## INSTRUCTIONS TO FOLLOW
Within the entries below, please retype exactly the lines starting with the line that has "Naar huis met het tentoongestelde werk." and going on through the line that has "駅構内および鉄道車両の消毒に", but not the pictures.

## DATA SHOWN
Start of Block
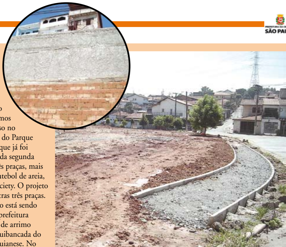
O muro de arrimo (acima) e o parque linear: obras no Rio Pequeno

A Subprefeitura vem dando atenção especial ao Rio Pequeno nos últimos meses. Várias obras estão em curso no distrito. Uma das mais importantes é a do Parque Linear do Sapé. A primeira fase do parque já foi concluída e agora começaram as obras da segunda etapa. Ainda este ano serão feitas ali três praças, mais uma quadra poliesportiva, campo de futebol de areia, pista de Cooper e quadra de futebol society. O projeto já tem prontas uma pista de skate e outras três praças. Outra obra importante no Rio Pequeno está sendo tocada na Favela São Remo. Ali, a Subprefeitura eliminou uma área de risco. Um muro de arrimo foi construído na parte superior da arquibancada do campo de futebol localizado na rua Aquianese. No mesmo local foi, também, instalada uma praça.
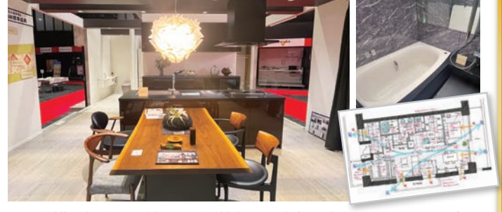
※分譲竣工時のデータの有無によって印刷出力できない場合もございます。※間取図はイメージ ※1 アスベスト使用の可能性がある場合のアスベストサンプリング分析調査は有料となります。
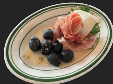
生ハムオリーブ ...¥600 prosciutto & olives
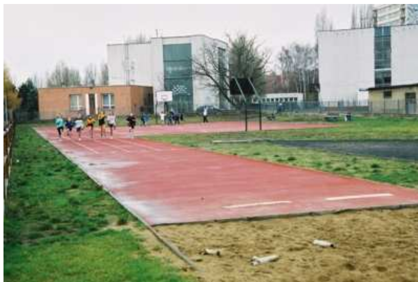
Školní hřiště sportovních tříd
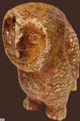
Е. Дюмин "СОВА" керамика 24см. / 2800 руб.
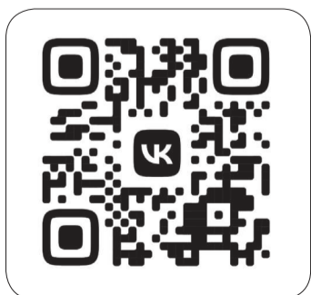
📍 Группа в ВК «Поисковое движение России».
End of Block
Start of Block
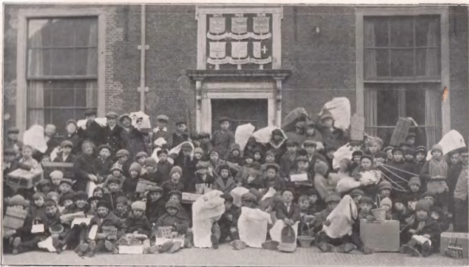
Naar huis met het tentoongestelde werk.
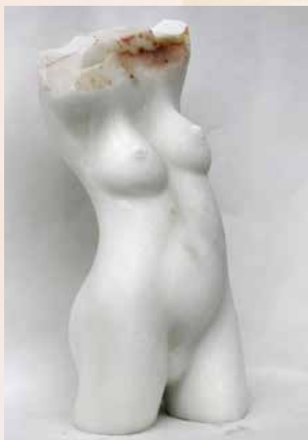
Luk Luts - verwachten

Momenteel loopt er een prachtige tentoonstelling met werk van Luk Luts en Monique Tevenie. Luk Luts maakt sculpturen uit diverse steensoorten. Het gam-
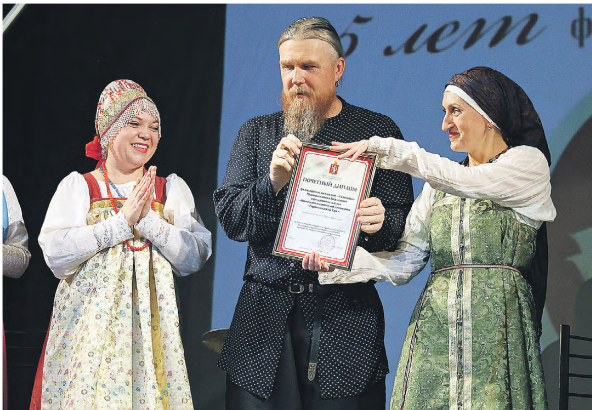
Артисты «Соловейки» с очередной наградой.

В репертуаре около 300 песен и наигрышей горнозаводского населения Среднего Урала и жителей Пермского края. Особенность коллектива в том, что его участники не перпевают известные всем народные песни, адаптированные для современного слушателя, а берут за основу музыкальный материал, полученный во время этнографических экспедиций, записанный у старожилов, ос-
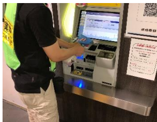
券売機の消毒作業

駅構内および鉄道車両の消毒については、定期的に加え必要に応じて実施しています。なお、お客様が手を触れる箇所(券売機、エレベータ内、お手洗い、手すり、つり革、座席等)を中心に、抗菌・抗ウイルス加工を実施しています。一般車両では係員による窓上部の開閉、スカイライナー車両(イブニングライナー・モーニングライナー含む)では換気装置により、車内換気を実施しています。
End of Block
Start of Block
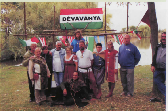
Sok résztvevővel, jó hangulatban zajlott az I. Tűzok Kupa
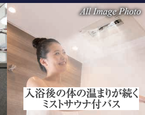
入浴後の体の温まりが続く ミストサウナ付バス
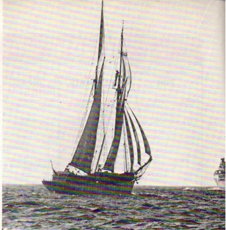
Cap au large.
End of Block
## RESULT
Naar huis met het tentoongestelde werk.
Luk Luts - verwachten

Momenteel loopt er een prachtige tentoonstelling met werk van Luk Luts en Monique Tevenie. Luk Luts maakt sculpturen uit diverse steensoorten. Het gam-
Артисты «Соловейки» с очередной наградой.

В репертуаре около 300 песен и наигрышей горнозаводского населения Среднего Урала и жителей Пермского края. Особенность коллектива в том, что его участники не перпевают известные всем народные песни, адаптированные для современного слушателя, а берут за основу музыкальный материал, полученный во время этнографических экспедиций, записанный у старожилов, ос-
券売機の消毒作業

駅構内および鉄道車両の消毒については、定期的に加え必要に応じて実施しています。なお、お客様が手を触れる箇所(券売機、エレベータ内、お手洗い、手すり、つり革、座席等)を中心に、抗菌・抗ウイルス加工を実施しています。一般車両では係員による窓上部の開閉、スカイライナー車両(イブニングライナー・モーニングライナー含む)では換気装置により、車内換気を実施しています。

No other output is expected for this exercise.